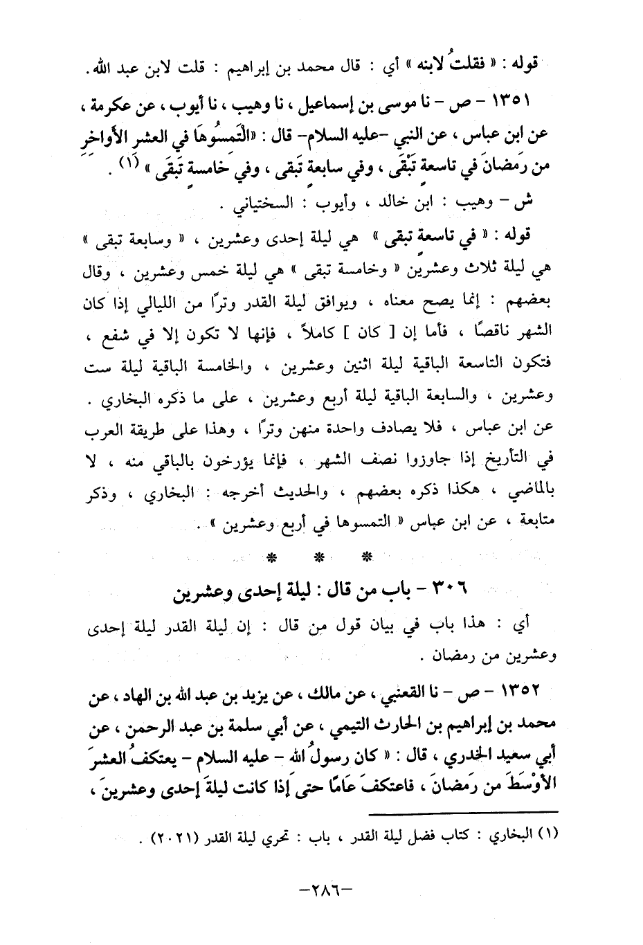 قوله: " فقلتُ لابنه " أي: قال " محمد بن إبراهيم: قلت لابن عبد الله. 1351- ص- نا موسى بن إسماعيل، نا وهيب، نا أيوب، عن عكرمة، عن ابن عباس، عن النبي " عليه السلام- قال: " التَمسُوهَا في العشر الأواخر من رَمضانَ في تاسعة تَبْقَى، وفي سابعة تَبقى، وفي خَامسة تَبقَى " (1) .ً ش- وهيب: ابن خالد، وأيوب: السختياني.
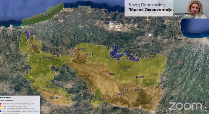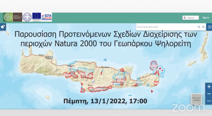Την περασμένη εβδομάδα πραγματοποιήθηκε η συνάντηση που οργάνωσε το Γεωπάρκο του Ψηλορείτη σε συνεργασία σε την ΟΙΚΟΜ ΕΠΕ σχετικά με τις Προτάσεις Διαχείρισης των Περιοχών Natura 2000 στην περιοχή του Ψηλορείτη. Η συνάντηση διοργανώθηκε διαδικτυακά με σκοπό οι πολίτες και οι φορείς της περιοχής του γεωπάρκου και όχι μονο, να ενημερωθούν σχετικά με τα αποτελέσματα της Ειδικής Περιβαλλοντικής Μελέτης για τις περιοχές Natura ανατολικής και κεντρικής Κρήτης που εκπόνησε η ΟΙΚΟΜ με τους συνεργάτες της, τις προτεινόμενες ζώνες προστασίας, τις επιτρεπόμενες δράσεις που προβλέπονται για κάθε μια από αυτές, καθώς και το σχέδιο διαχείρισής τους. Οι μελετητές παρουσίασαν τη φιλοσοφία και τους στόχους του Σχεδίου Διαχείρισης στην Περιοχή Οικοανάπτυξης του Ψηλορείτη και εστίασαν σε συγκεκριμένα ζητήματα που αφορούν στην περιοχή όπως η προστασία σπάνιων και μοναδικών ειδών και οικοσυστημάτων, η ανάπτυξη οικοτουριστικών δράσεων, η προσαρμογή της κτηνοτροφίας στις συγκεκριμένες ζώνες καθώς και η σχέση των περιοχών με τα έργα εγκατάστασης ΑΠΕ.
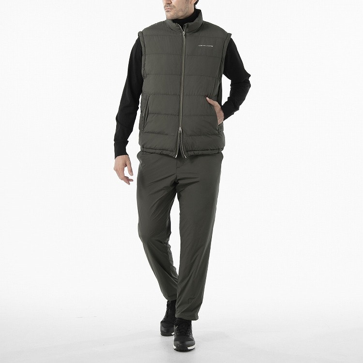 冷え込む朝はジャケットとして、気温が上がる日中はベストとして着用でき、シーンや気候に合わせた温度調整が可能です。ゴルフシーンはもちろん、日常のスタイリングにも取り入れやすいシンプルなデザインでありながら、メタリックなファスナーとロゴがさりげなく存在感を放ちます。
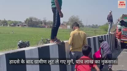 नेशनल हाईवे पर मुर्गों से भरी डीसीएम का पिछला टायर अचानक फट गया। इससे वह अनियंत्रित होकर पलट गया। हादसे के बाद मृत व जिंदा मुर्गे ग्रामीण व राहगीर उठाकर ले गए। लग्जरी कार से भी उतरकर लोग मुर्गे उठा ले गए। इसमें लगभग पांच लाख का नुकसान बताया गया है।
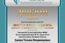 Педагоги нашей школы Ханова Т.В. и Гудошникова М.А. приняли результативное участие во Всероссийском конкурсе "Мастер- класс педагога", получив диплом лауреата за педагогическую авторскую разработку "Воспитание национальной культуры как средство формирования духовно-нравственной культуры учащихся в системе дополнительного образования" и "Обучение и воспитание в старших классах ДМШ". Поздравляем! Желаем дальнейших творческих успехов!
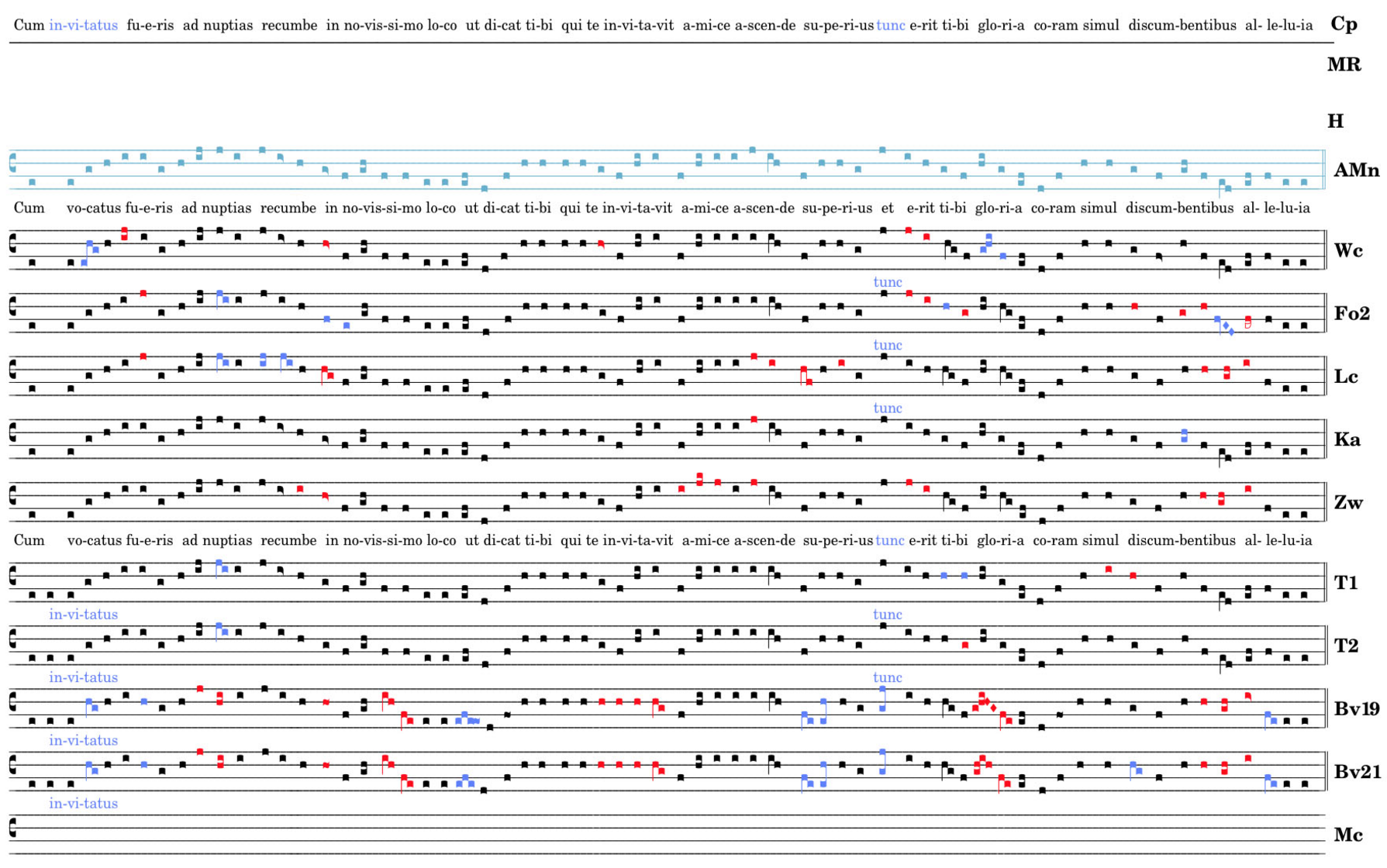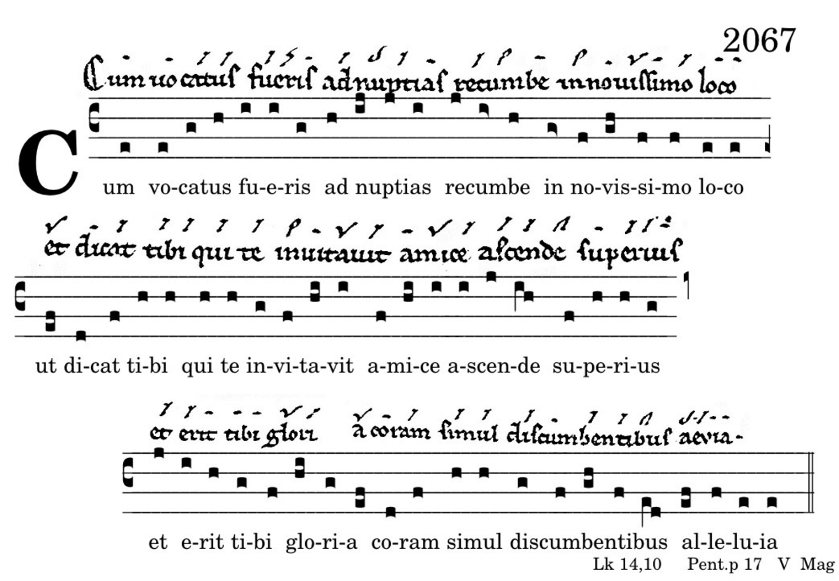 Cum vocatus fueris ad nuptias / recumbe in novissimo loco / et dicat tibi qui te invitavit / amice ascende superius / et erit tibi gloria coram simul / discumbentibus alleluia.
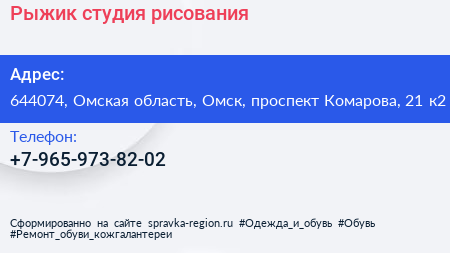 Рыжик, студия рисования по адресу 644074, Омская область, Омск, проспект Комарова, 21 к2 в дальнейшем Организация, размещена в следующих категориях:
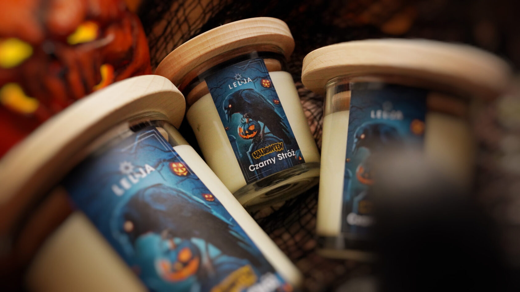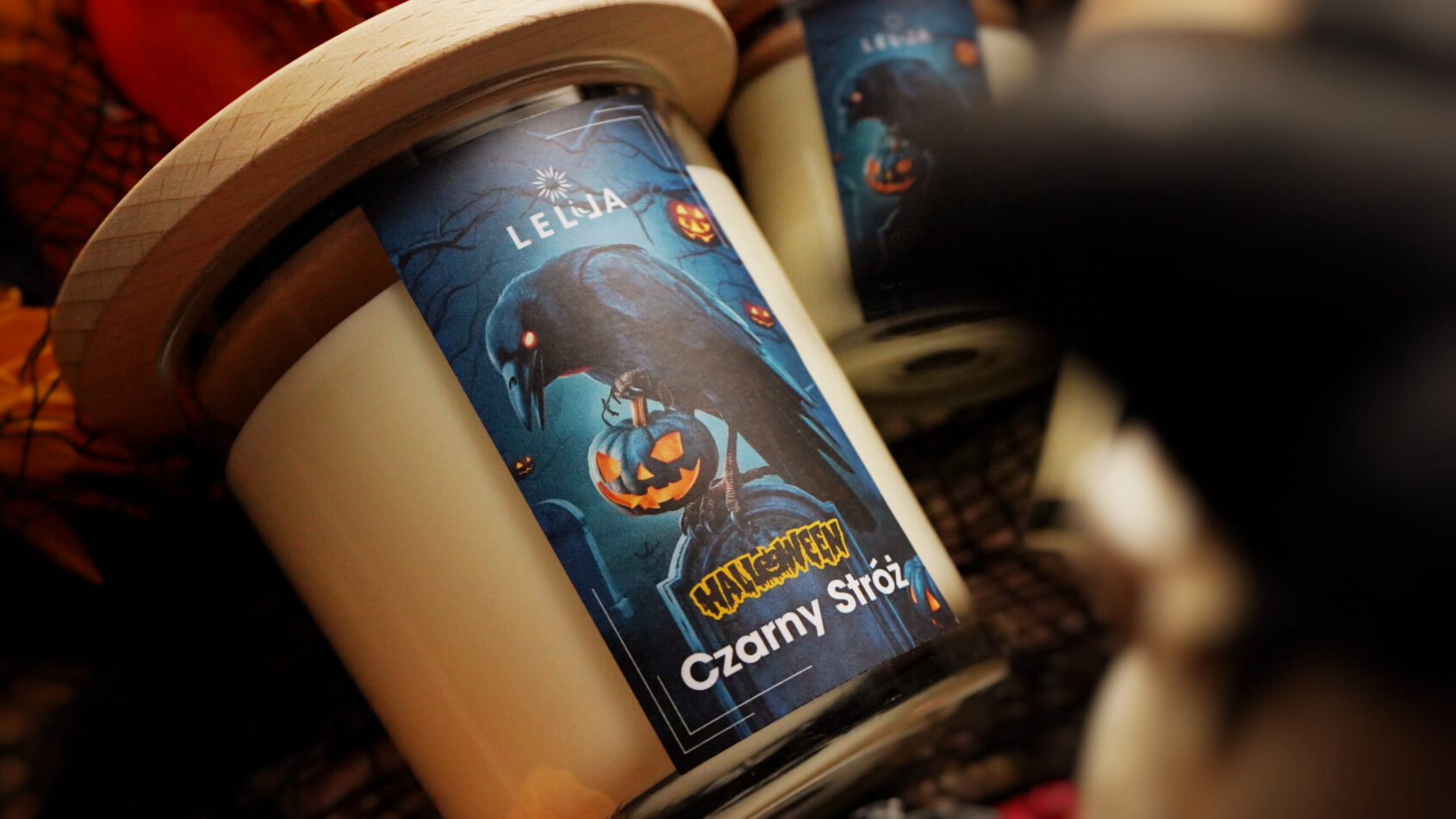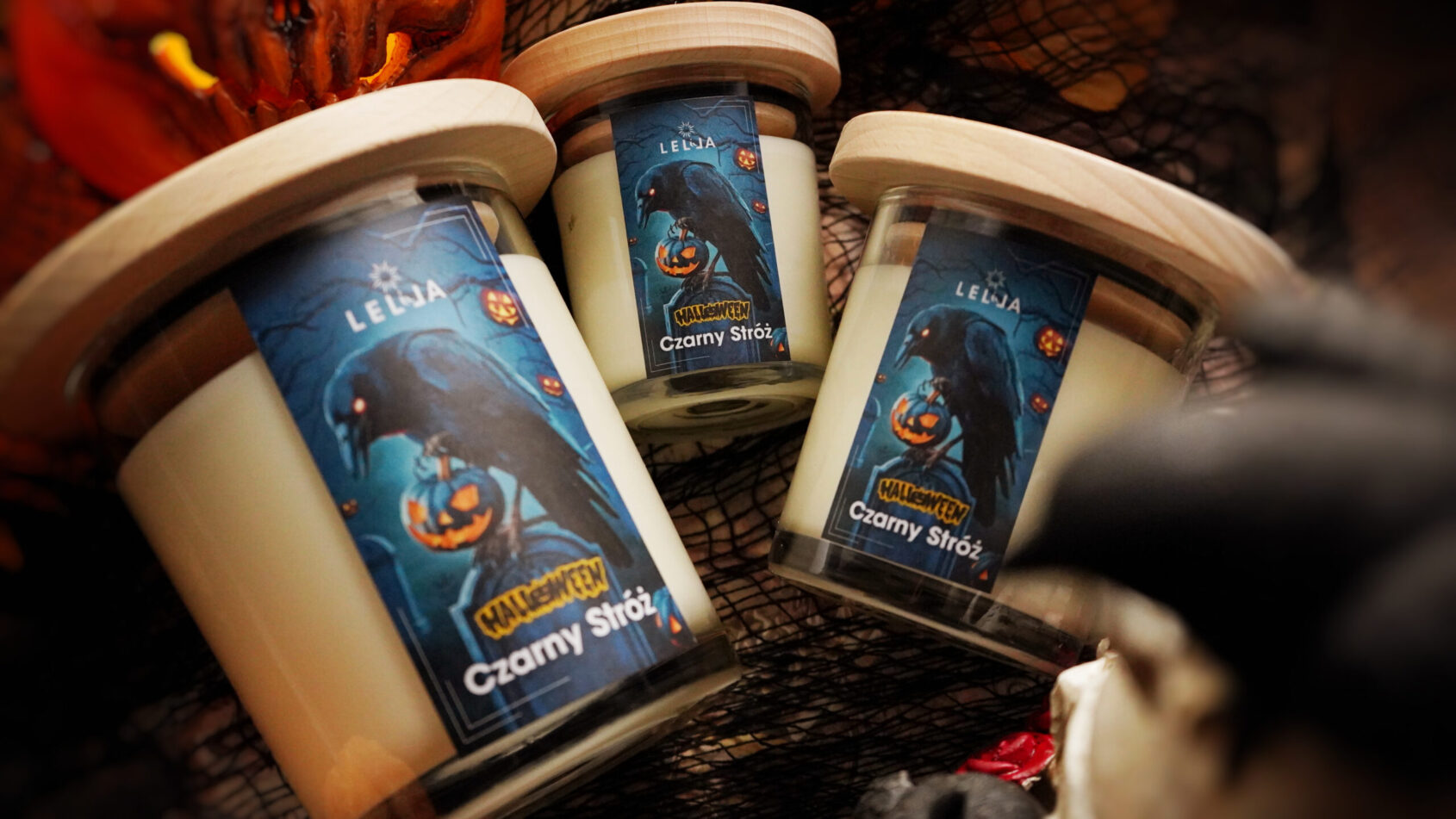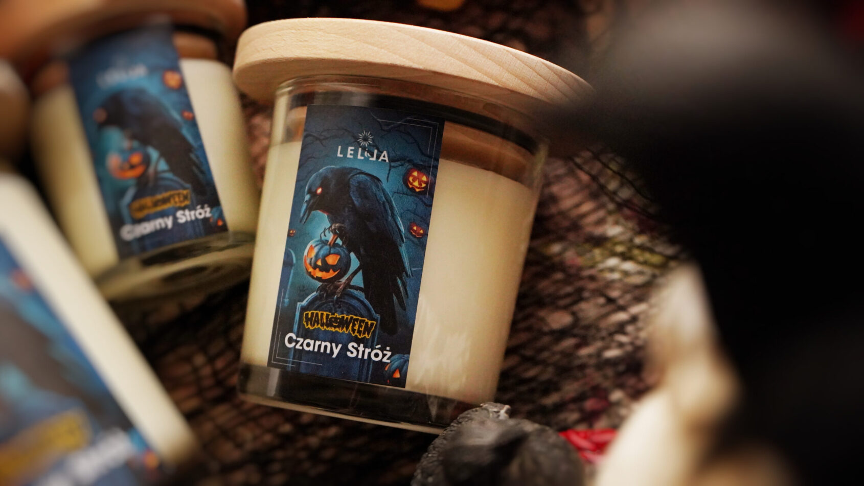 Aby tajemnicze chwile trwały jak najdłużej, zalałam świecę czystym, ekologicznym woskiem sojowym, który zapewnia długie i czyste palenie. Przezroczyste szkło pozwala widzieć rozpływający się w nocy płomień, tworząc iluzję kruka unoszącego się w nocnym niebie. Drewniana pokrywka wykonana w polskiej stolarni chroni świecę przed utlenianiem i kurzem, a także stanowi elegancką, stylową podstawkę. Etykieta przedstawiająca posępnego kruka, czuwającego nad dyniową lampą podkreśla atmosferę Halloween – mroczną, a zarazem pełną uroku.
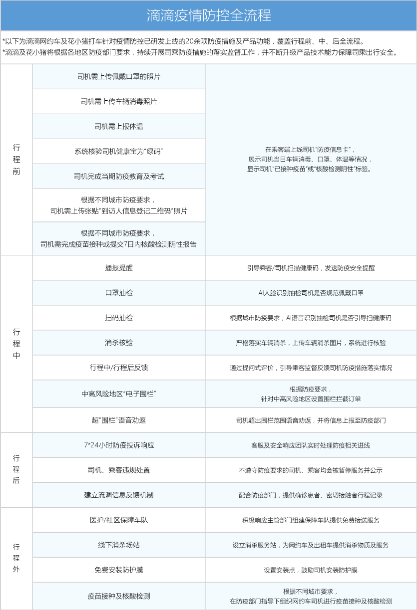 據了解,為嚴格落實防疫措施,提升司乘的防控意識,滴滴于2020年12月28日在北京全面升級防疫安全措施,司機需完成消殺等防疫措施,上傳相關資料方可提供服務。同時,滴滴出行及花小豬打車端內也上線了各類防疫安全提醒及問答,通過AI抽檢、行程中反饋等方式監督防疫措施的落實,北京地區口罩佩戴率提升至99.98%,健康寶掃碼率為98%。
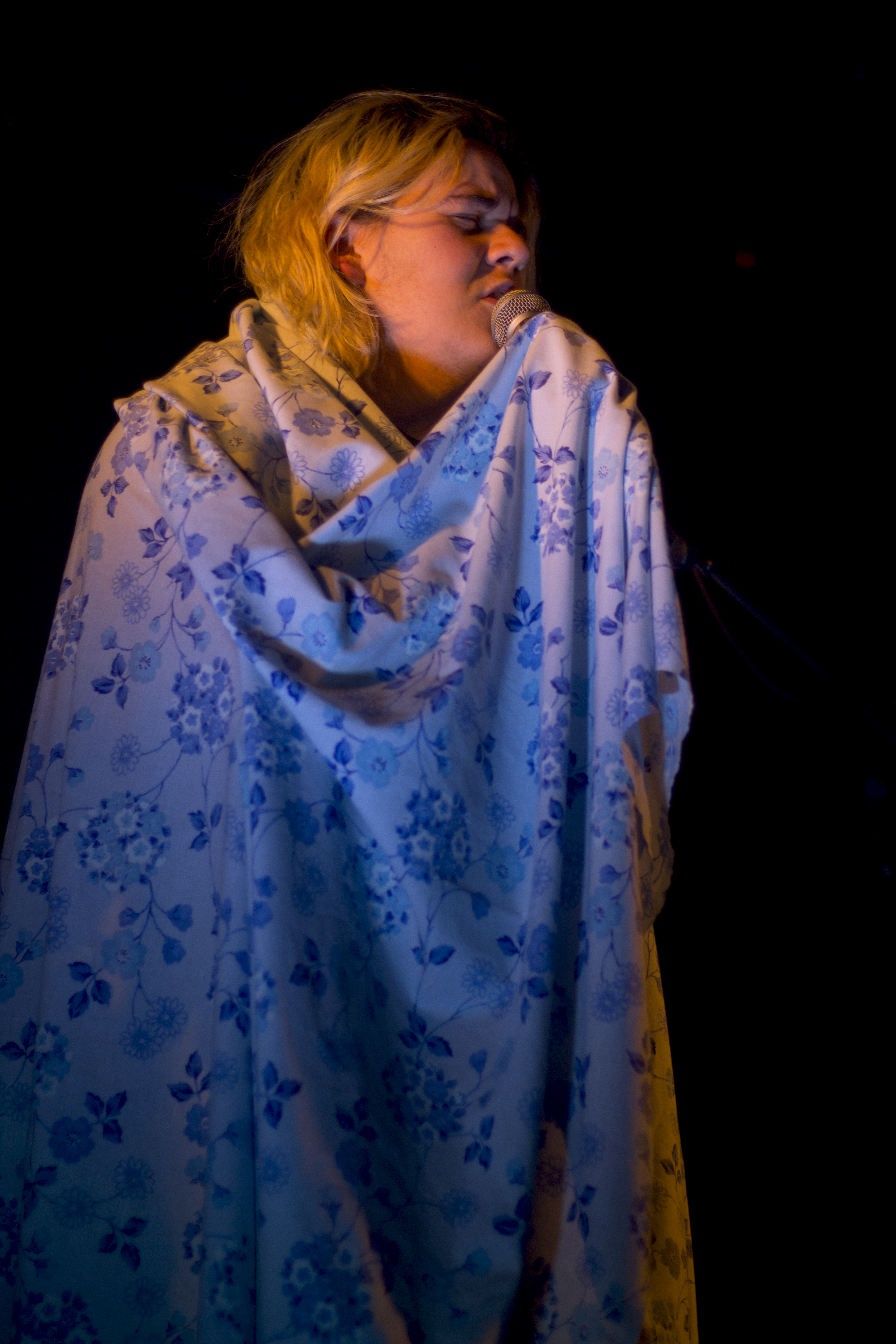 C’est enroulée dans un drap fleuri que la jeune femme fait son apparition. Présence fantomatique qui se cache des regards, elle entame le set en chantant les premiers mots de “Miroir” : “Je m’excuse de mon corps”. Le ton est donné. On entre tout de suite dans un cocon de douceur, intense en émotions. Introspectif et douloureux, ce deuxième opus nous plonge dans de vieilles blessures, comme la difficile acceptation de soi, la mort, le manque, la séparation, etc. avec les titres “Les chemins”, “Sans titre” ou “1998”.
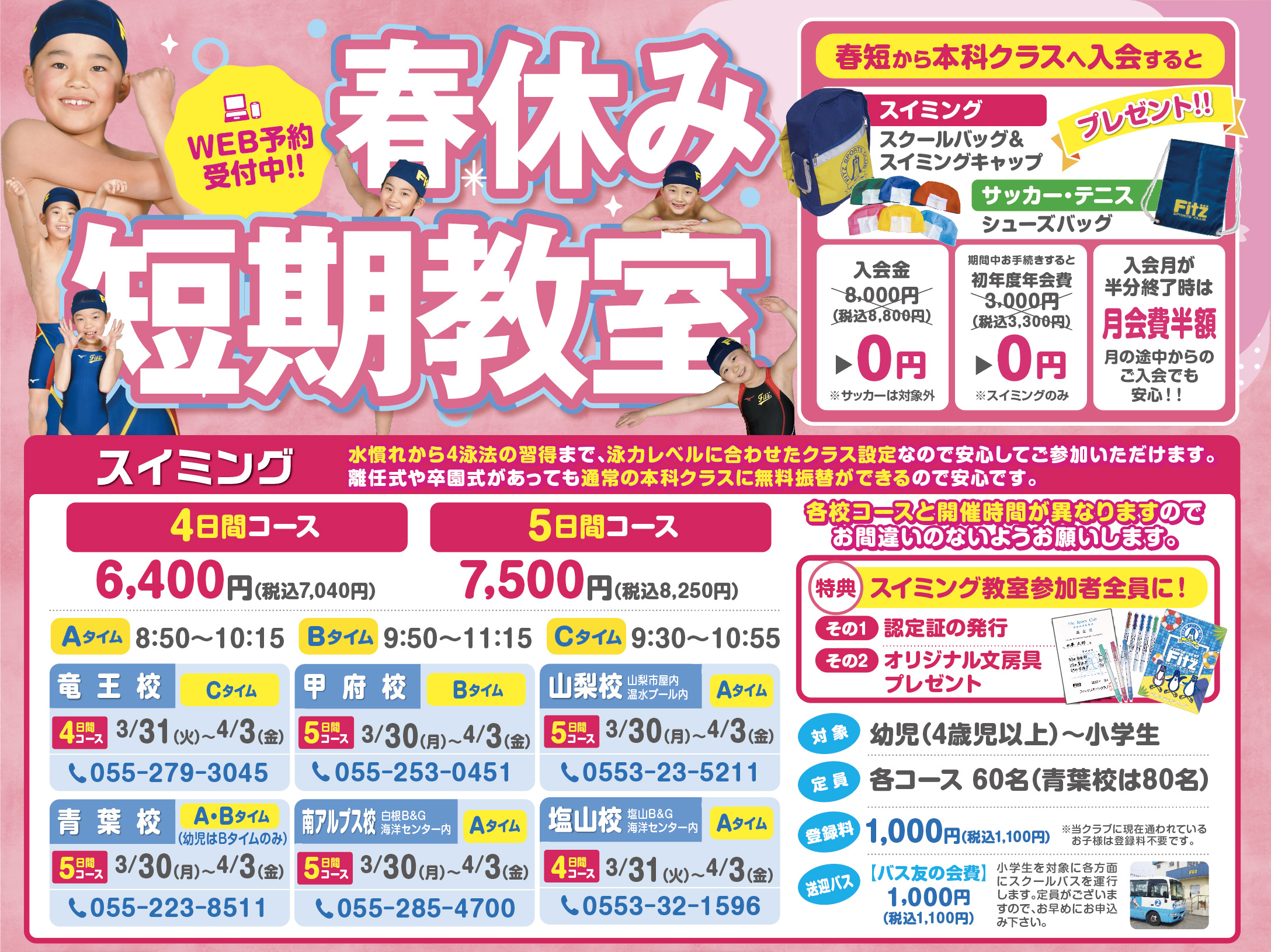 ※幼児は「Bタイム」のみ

____

◆ Task prompt
Return only the stretch above from the line containing "Την περασμένη εβδομάδα" through the line containing "नेशनल हाईवे पर", word for word and without pictures.

◆ Response to this task
Την περασμένη εβδομάδα πραγματοποιήθηκε η συνάντηση που οργάνωσε το Γεωπάρκο του Ψηλορείτη σε συνεργασία σε την ΟΙΚΟΜ ΕΠΕ σχετικά με τις Προτάσεις Διαχείρισης των Περιοχών Natura 2000 στην περιοχή του Ψηλορείτη. Η συνάντηση διοργανώθηκε διαδικτυακά με σκοπό οι πολίτες και οι φορείς της περιοχής του γεωπάρκου και όχι μονο, να ενημερωθούν σχετικά με τα αποτελέσματα της Ειδικής Περιβαλλοντικής Μελέτης για τις περιοχές Natura ανατολικής και κεντρικής Κρήτης που εκπόνησε η ΟΙΚΟΜ με τους συνεργάτες της, τις προτεινόμενες ζώνες προστασίας, τις επιτρεπόμενες δράσεις που προβλέπονται για κάθε μια από αυτές, καθώς και το σχέδιο διαχείρισής τους. Οι μελετητές παρουσίασαν τη φιλοσοφία και τους στόχους του Σχεδίου Διαχείρισης στην Περιοχή Οικοανάπτυξης του Ψηλορείτη και εστίασαν σε συγκεκριμένα ζητήματα που αφορούν στην περιοχή όπως η προστασία σπάνιων και μοναδικών ειδών και οικοσυστημάτων, η ανάπτυξη οικοτουριστικών δράσεων, η προσαρμογή της κτηνοτροφίας στις συγκεκριμένες ζώνες καθώς και η σχέση των περιοχών με τα έργα εγκατάστασης ΑΠΕ.
 冷え込む朝はジャケットとして、気温が上がる日中はベストとして着用でき、シーンや気候に合わせた温度調整が可能です。ゴルフシーンはもちろん、日常のスタイリングにも取り入れやすいシンプルなデザインでありながら、メタリックなファスナーとロゴがさりげなく存在感を放ちます。
 नेशनल हाईवे पर मुर्गों से भरी डीसीएम का पिछला टायर अचानक फट गया। इससे वह अनियंत्रित होकर पलट गया। हादसे के बाद मृत व जिंदा मुर्गे ग्रामीण व राहगीर उठाकर ले गए। लग्जरी कार से भी उतरकर लोग मुर्गे उठा ले गए। इसमें लगभग पांच लाख का नुकसान बताया गया है।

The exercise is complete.